2024-04-22 11:44:44,027 cli_setup:292 INFO - 1PPE_E.phylseq file written
2024-04-22 11:44:44,046 cli_setup:319 INFO - Protdist calculated
2024-04-22 11:44:44,054 cli_setup:326 INFO - Conversion table file generated
2024-04-22 11:44:44,054 cli_setup:328 INFO - Whiscy setup finished
This script will generate a set of files needed for the prediction step with whiscy
. Here it is a list of the generated files in our 1PPE complex.

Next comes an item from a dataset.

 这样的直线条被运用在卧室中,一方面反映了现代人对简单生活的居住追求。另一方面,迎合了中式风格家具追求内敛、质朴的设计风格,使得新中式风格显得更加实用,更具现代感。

Follow the links to see a set of pre-generated files for the 1PPE protein.
File name | Explanation |
---|---|
1ppe.hssp | Multiple sequence alignment download from the HSSP database |
1ppe.hssp.bz2 | HSSP MSA file compressed |
1ppe.pdb | PDB file download from the Protein Data Bank |
1ppe_E.pdb | 1ppe.pdb parsed to select only the given chain_id |
1ppe_E.rsa | SASA output of freesasa in NACCESS format of 1ppe_E.pdb file |
1ppe_E.fasta | Sequence of 1ppe_E.pdb. Alternative residues have been removed |
1ppe_E.phylseq | MSA file translated from HSSP to PHYLIP format |
1ppe_E.conv | PDB residue numeration to FASTA sequence numeration |
1ppe_E.out | Output of the protdist software on 1ppe_E.pdb |
1ppe_E.sur | >15 % surface residue list according to sa_pred_cutoff cutoff |
1ppe_E.suract | >40 % surface residue list according to sa_act_cutoff cutoff |
1ppe_E.lac | 0-15 % accessible residue list |
WHISCY needs four input files (generated before):
surface_list (.sur)
: List of residues in the interface.conversion_table (.conv)

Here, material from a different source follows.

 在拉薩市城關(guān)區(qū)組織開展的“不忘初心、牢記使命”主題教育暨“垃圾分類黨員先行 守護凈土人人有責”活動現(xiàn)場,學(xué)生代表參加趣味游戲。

,represents the mapping of the PDB file residue numeration into the FASTA sequence numerationalignment_file (.phylseq)
is the MSA file in PHYLIP formatdistance_file (.out)
is the output of Protdist software
$ whiscy 1PPE_E.sur 1PPE_E.conv 1PPE_E.phylseq 1PPE_E.out -o 1PPE_E.cons
whiscy [INFO] Parsing surface list...
whiscy [INFO] Loading conversion table...

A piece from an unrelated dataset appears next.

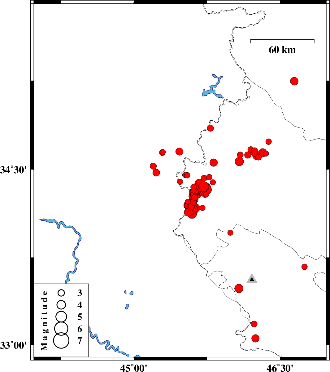 2018/11/23 | 13:03:30.0 | 16:33:30.0 | 34.651 | 45.467 | 15 | ML:3.4 | Iraq, 18 km North-West of Qasr-E-Shirin | ||

whiscy [INFO] Converting...
whiscy [INFO] Initializing score calculation...
whiscy [INFO] Calculating scores...
whiscy [INFO] Subtracting average value ...
whiscy [INFO] Sorting scores...
whiscy [INFO] Writing scores...
whiscy [INFO] Prediction written to 1PPE_E.cons
"I’m on a whisky diet. I’ve lost three days already."
- Tommy Cooper
The file 1PPE_E.cons
will contain the initial predictions, but we can improve them by adding the interface propensities and smoothing the surface.
$ head 1PPE_E.cons
0.10595 N25
0.10595 N72
0.10595 N74
0.10595 N79
0.10595 N100
0.10595 N179
0.10572 N95
0.10572 N115
0.10446 S37
0.10446 S49
$ whiscy_consadjust 1PPE_E.cons -o 1PPE_E.acons
consadjust [INFO] Reading input files
consadjust [INFO] Subtracting average value...
consadjust [INFO] Sorting scores...
consadjust [INFO] Writing scores...
$ whiscy_resdist 1PPE_E.pdb 1PPE_E.conv 1PPE_E.rd
residue_distance [INFO] Reading conversion table
residue_distance [INFO] Reading PDB structure from 1PPE_E.pdb
residue_distance [INFO] Residue distances written to 1PPE_E.rd
$ whiscy_parasmooth 1PPE_E.acons 1PPE_E.cons 1PPE_E.rd -o 1PPE_E.pscons
parasmooth [INFO] Reading input files
parasmooth [INFO] Calculating parameter smoothing
parasmooth [INFO] Result written to 1PPE_E.pscons
1PPE_E.pscons
will contain the final predictions! 🎉
head 1PPE_E.pscons
0.16475 V75
0.14702 I73
0.14633 L114
0.14547 F82
0.14297 V76
0.12907 R117
0.12127 Q81
0.11694 N115
0.11630 N72
0.11512 N25
You can visualize the predictions in the input structure using whiscy_bfactor
, this script will add the WHISCY scores to the B-factor column of the PDB file.
$ whiscy_bfactor 1PPE_E.pdb 1PPE_E_whiscy.pdb 1PPE_E.pscons
1PPE_E_whiscy.pdb PDB file with WHISCY scores in B-factor column has been created
Now open the structure in your favorite molecular viewer and check the WHISCY scores in the B-factor column.